Today began with a 4:30am phone call from an East Coast telemarketer, and pretty much followed along in that same general fashion.

Highlights included taking a phone order for Cyclocross.com, despite never having seen the console for that before, let alone having been trained to use it. Luckily, resident programming guru and wind-beneath-our-ecomm-wings, Jay, tends to build some eerily effective user interfaces.

Upsides included selling our first frameset and complete bike today. Downsides included a glitch–entirely my fault, but multi-faceted nevertheless–that caused us to sell something well below cost. Not too much, in the grand scheme of things, though, and quite the teaching moment.

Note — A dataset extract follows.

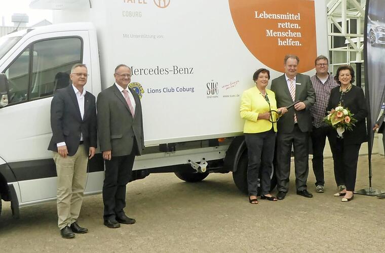 Coburg, Karl Baier, Präsident des Lions Club, Edda Kross vom Vorstand der Tafel sowie Jürgen Kross, Pressesprecher der Tafel Coburg, übergeben. Bereits seit 1998 unterstützt Mercedes-Benz als einer der Hauptsponsoren die deutschen Tafeln. "Wir sind stolz darauf, ein so bedeutsames Projekt wie die Tafel zu unterstützen und damit etwas Gutes zu tun", sagte Holger Bender, Mitglied der Geschäftsleitung des Mercedes-Benz Autohauses Bender.

Meanwhile, responses continue to come in for the ‘cross frame design. Some BB30 people out there, but I’m wondering if you’re die-hard BB30 or just haven’t bothered distinguishing between BB30 and PF30. I was learning towards PF30 for a bunch of reasons–not least of which being the ability to drop in an eccentric for single-speed use–but is there some reason to avoid PF30?

One 386EVO bottom-bracket request on a steel frame. Now that’s something you might not even see at the Handbuilt show, right there. Sort of curious what it would look like.

Pretty amped about creating some stuff, though. After four months with like a quarter inch of rainfall here in Portland, a part of me is ready for this dreaded, dark and wet winter, so I can put the mad scientist hat back on and get to work.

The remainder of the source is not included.